Die KI kann bessere E-Mails schreiben als ich. Auch kann sie deutlich besser coden und erst recht besser kopfrechnen. Noch schlimmer: Sie kann wohl auch schon sehr bald – wenn nicht schon jetzt – bessere Blogposts zum Thema KI verfassen, als ich dies je können werde. Was also kann ich denn noch beitragen?
Zugegeben, weder mit meinem Computercode noch mit meinen Blog-Beiträgen geht der Welt viel verloren.
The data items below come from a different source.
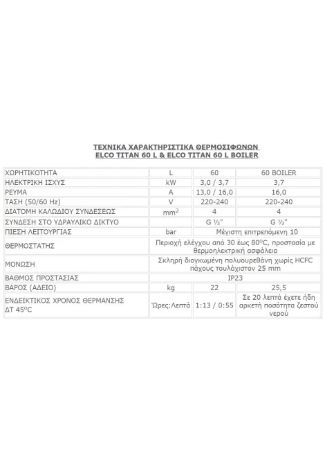 Χωρητικότητα :60 λίτρα με BOILER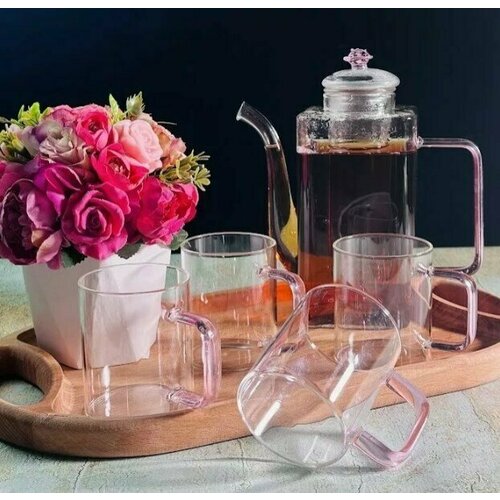 Чайник заварочный 1000мл и 4 стакана 200мл в под. уп. Стекло 139-065 118-139-065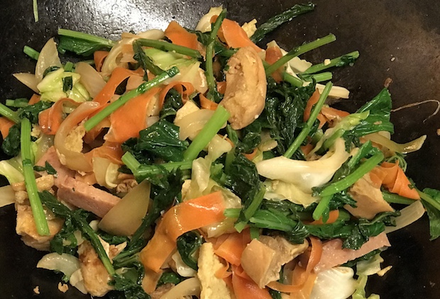 想像チキナーチャンプル。水で戻した車麩を絞って溶き卵をからめ、塩を抜いたチキナー、スパム、キャベツ、タマネギ、ニンジンと一緒にごま油で炒める。最後にちょちょっと醤油とみりん、鰹節で調味して完成。こちらもしみじみ美味かった。本物を食べたことないのでこれが正解とはいえないが、これまで食べてきたチャンプルと比べると、だいたいこの方向性で合っている気がする。思わぬ効果だが、時間が経っても車麩が水気を吸い込むので汁気が出ない。そして汁気を吸った車麩が美味い。自分の人生に、麩のことを美味いと思う時が来るだなんて想像もしなかった。車麩は、多めのほうが美味しいぞ。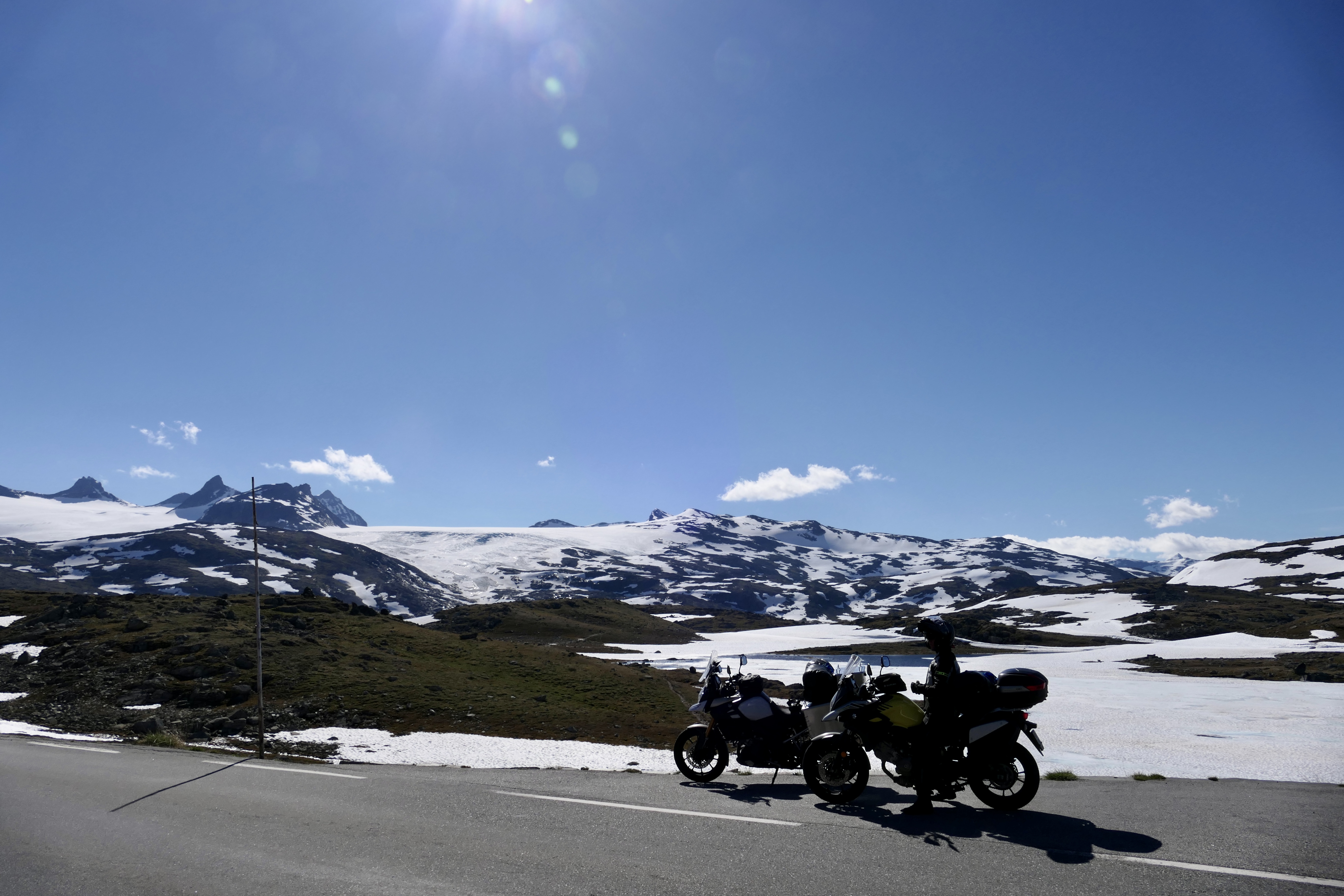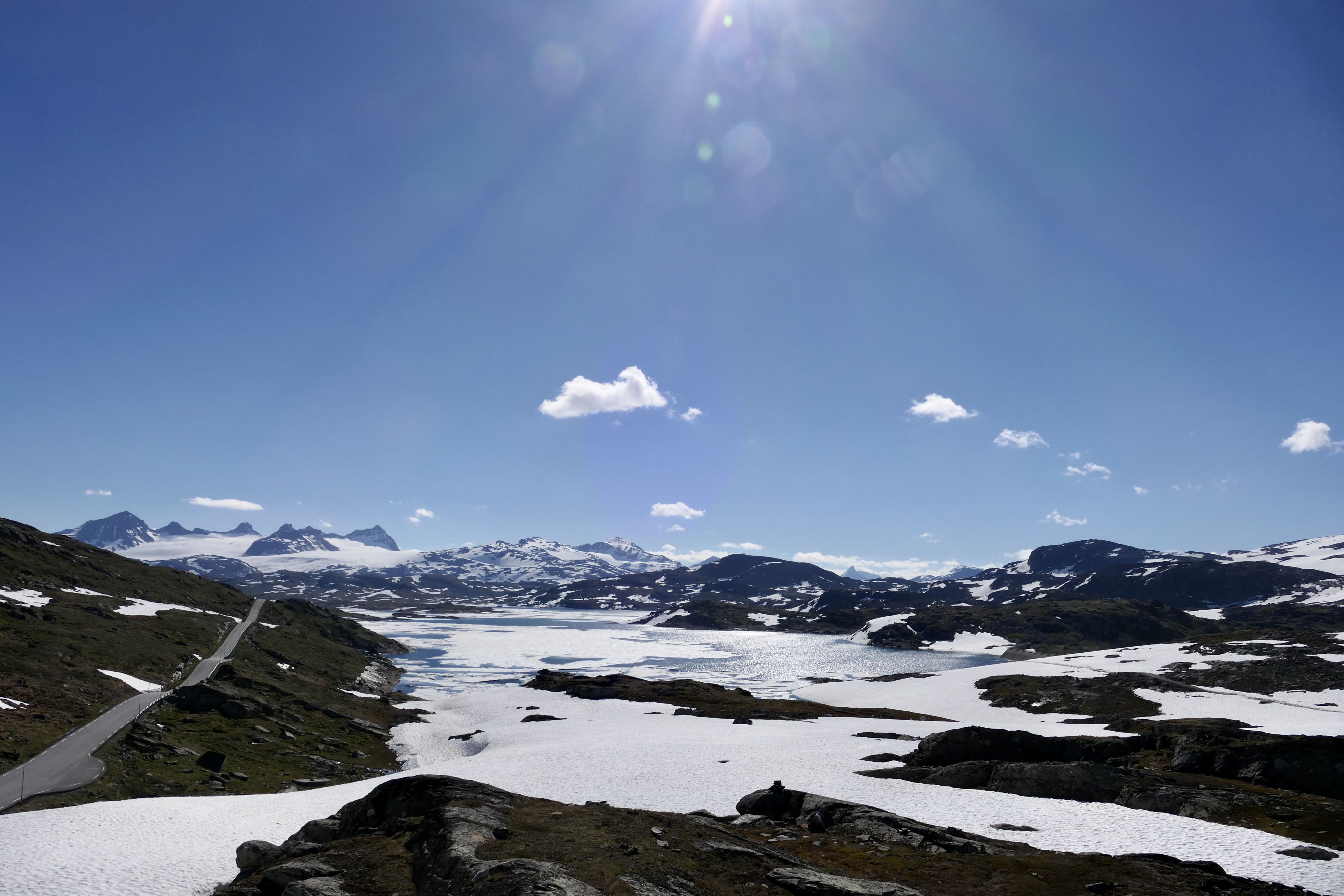 Wir haben unsere 2-Pässe-Rundfahrt bei trockenem Wetter genossen. Die Pässe hier sind etwas anders als in der Schweiz: Ist man oben angekommen, fährt man auf einer Hochebene kilometerlang weiter, meistens hat es noch Schnee dort oben und dann gehts wieder runter auf Meereshöhe. Ständig hat es Schafe und Kühe auf der Strasse und unzählige Tunnels. Heute haben wir mindestens 25 km in Tunnels verbracht, der längste war 11 km.
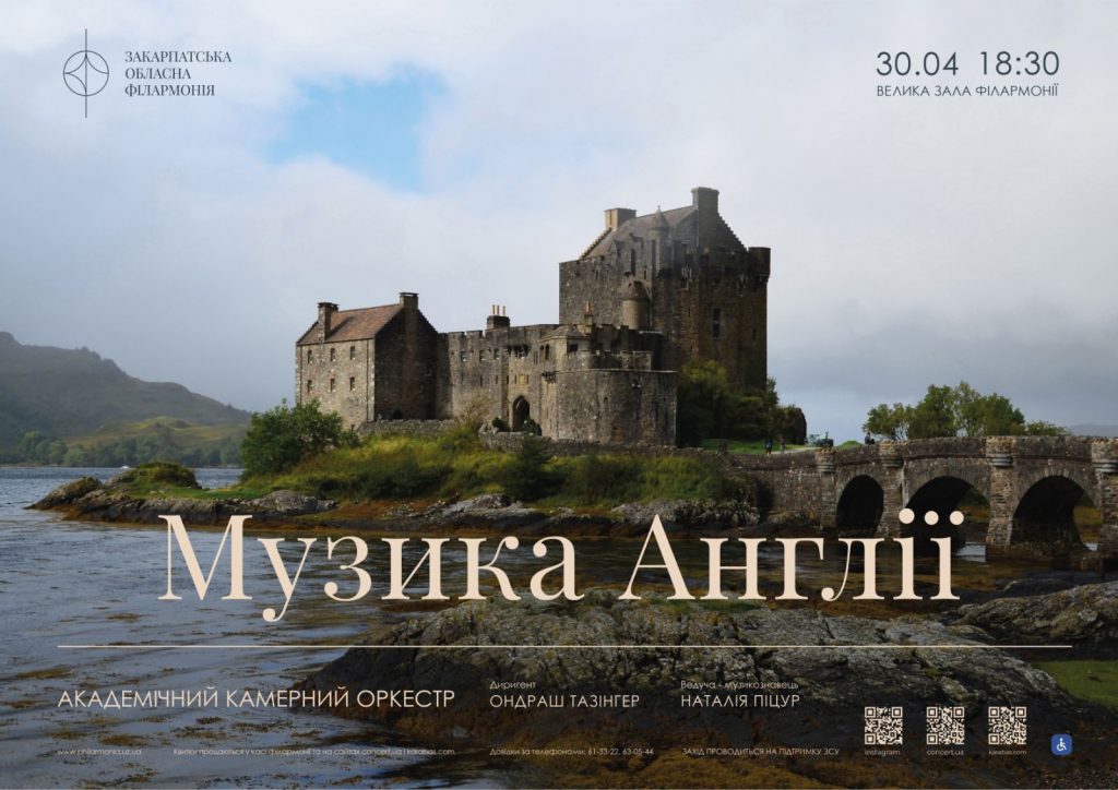 Закарпатська обласна філармонія. запрошує насолодитися «Музикою Англії» – 30 квітня о 18:30.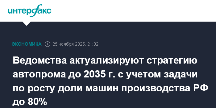 Москва. 25 ноября. INTERFAX.RU - Актуализированная стратегии развития автомобильной промышленности РФ до 2035 года предполагает стимулирование объемов реализации, повышение технической оснащенности автомобилей и рост доли отечественной продукции на рынке до 80%.
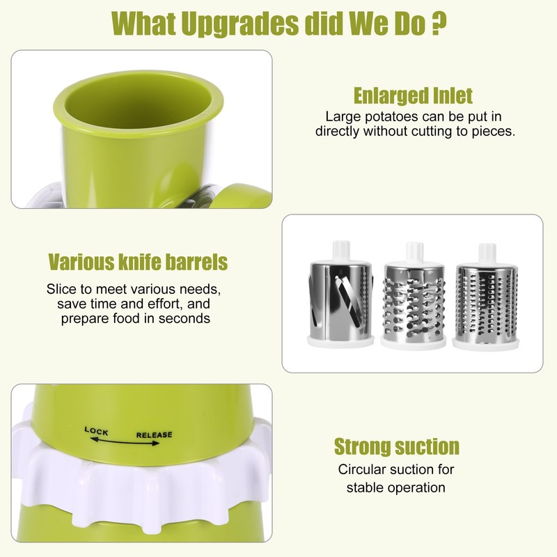 Unlike typical slicers that are hard to clean and often unsafe, our slicer features a rotating design with three interchangeable drum blades, made from durable ABS and stainless steel. The sleek green color adds a fresh, modern touch to your countertop.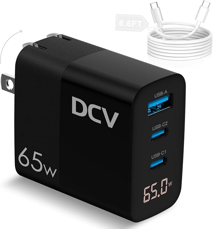 - What You Get: DCV 65W GaN PD 3.0 Wall Charger (3 Ports), 6.6ft C to C Cable, our worry-free one-year warranty, and friendly customer service. If you encounter any problems using the USB C charger, please feel free to contact our professional customer service team.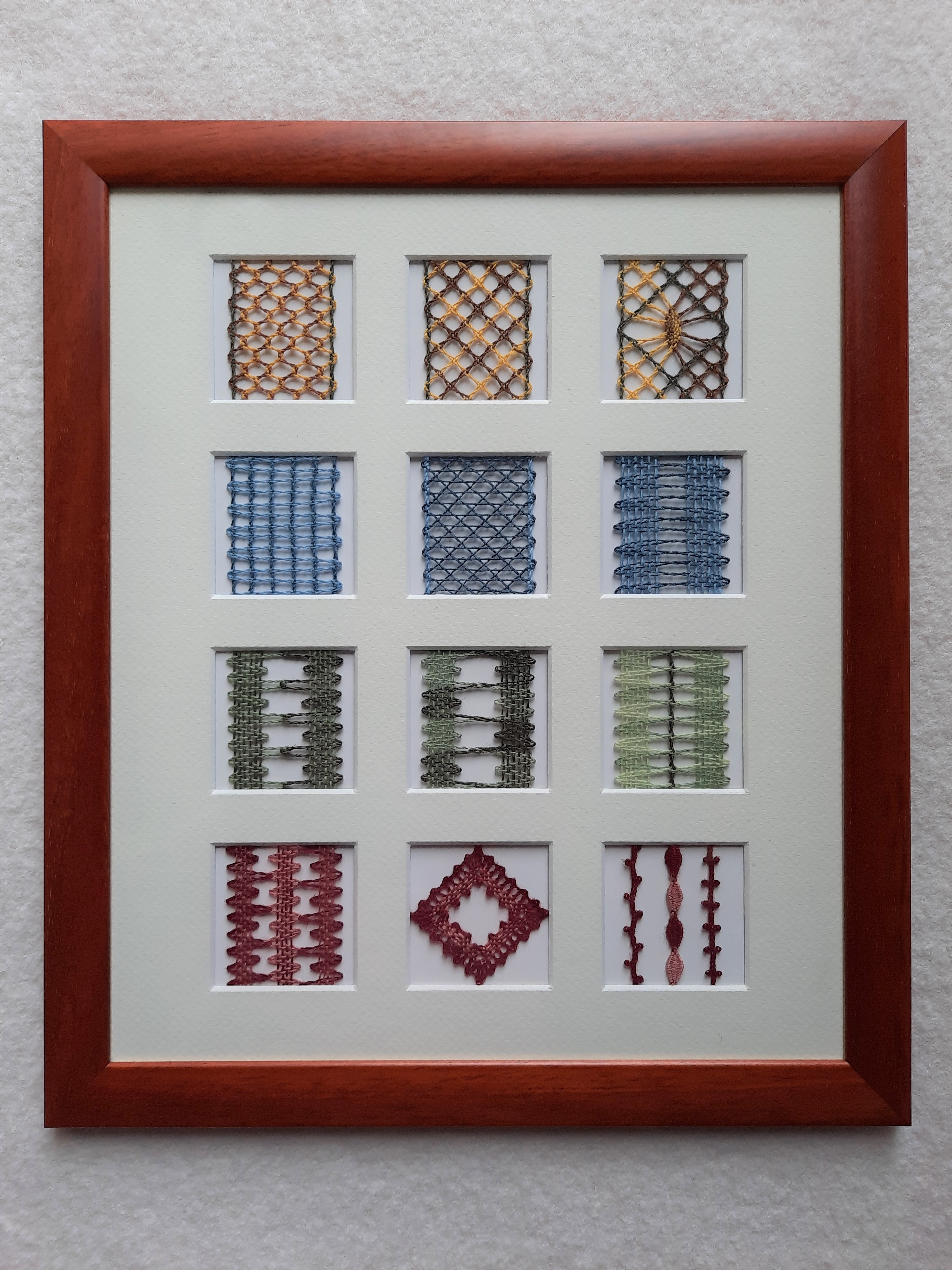 Holzrahmen mit Glasscheibe passgenau zum Passepartout für alle Muster des Online-Klöppelkurses "Grundlagen des Klöppelns"

Allerdings kann man die entsprechenden Fragen leicht von meinem Mikrokosmos auf die gesamte Gesellschaft ausweiten – und viele machen sich derzeit Gedanken: Gemäss dem neusten European AI Barometer der EY fürchten 43 Prozent der Beschäftigten in der Schweiz negative Auswirkungen von KI auf ihre Karriere – ganze 76 Prozent rechnen gar mit einem Stellenabbau.
Doch führt die zunehmende Intelligenz der KI-Systeme wirklich dazu, dass ganze Jobklassen bald überflüssig werden? Oder eher, dass die Menschen ihre Schaffenskraft erst richtig ausleben können? Oder gar beides? Schauen wir etwas genauer hin.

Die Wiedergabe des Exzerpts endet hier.